You’ll also need to clear drupal’s caches so it reruns your hook_views_data.

Addendum - altering field joins

If your view is of content or other fieldable entities, and you need to tweak a join for one of the fields, this can also be done by writing an extension to the views_join class – you just have to tell Views about it in a different way.
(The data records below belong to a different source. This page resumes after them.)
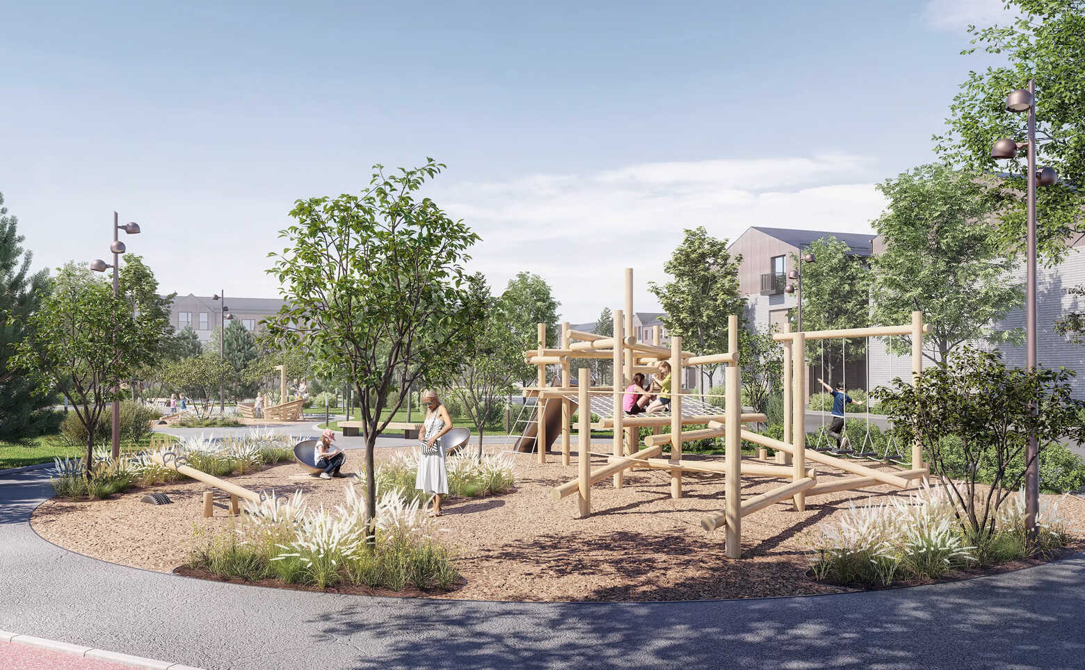В поселке выполнен ландшафтный дизайн территории с сухим фонтаном без чаши и тактильным лабиринтом. В сердце поселка расположен живописный пруд с собственным пляжем и катком в зимний период, а всю территорию поселка опоясывает утопающий в зелени прогулочный бульвар протяженностью 1,8 километра. Для любителей спорта предусмотрены зоны воркаута и спортивные площадки под открытым небом, проложены велосипедные и беговые маршруты. Собственная инфраструктура поселка включает в себя торговую галерею и соседский центр с коворкингом, тренажерным залом и детской комнатой. В поселке есть собственный детский сад нового формата на 170 мест и школа с мультимедийными и IT-классами на 350 учеников.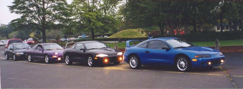 | . I drive the 94 Purple Probe GT w/a Super spoiler. Shown is Racheal's Black Eclipse and Chris's Blue Eclipse. Other cars in my group is Sang's Red 97 Eclipse Spyder GS-T, Te's Black MX-3, William's White MX-3, Nam's Teal Green 95 Civic EX-Turbo-charged w/a Greedy Kit. All cars listed is modified and sports a super-spoiler. | My car is lowered 1.75" using INTRAX springs, Greddy 130mm cat-back exhaust, K&N filter cone, and sports 17x7.5 Enkei G-Zeros with 225/45ZR17. My interior is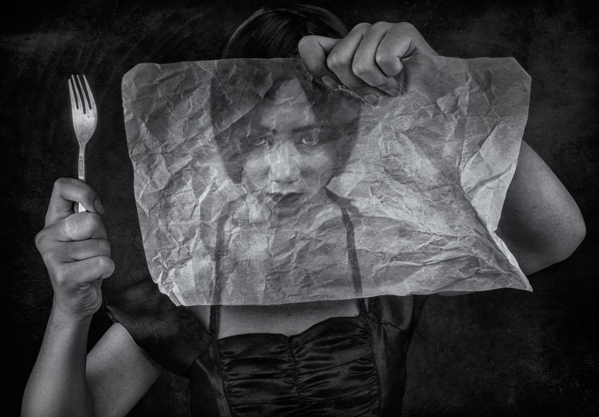 Image d'une fille avec une fourchette à travers le papier calque froissé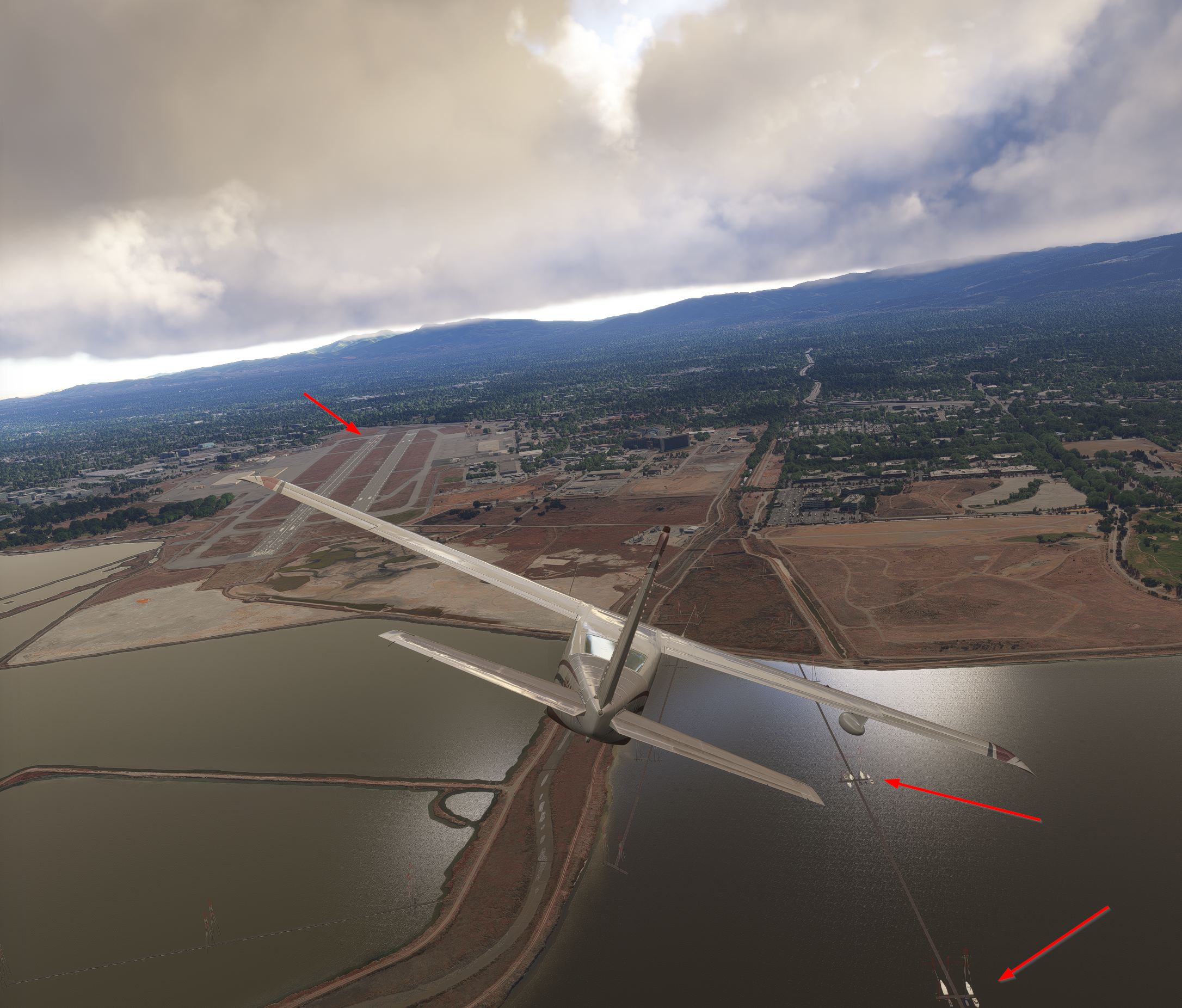 Very happy with the program but here is a small artifact that perfectionists may want to fix. This is off the departure end of Runways 32L&R at KNUQ Moffett Federal Airstation in Mountain View California (Top Red Arrow). There are some powerlines on pilings that go into San Francisco Bay here and they have grown some nice sailboats.

In hook_views_query_alter:

function MYMODULE_views_query_alter(&$view, &$query) {
  // logic to filter down to just the view we want to be modifying, such as:
  if($view->name == 'whatever-my-view-is') {
    if(!empty($query->table_queue['table_alias_views_assigned_to_the_table_whose_join_needs_altering']['join'])) {
      $query->table_queue['table_alias_views_assigned_to_the_table_whose_join_needs_altering']['join'] = new my_fixed_up_join();
    }
  }
}

In my case, it was sufficient to pass no arguments to the my_fixed_up_join constructor, and have it just kick out a hardcoded string of SQL conditions:

public function build_join($select_query, $table, $view_query) {
    $join_sql = <<<JOINSQL
   (field_collection_item_field_data_field_sessions.item_id = field_collection_item_field_data_field_sessions__field_data_field_event_date.entity_id  AND field_collection_item_field_data_field_sessions__field_data_field_event_date.entity_type = 'field_collection_item')
OR (
    node.nid = field_collection_item_field_data_field_sessions__field_data_field_event_date.entity_id AND field_collection_item_field_data_field_sessions__field_data_field_event_date.entity_type = 'node'
  )
  AND (
    field_collection_item_field_data_field_sessions__field_data_field_event_date.deleted = '0'
  )
JOINSQL;
 
    $select_query->addJoin('LEFT', $table['table'], $table['alias'], $join_sql);
}

Why would you need to do this? In the example above, I was displaying several types of content in the view, and some of them attach the field directly while others are associated to the field through a “relationship” to another entity. The views UI will let you add the field as a member of the content, and will let you add a different field as a member of the related entity, but under the hood it joins to the field data table twice, creates two result columns, and you won’t be able to do things like sort on that field. What you really want is one join to the field data table with an OR condition, so the field comes up as a single column.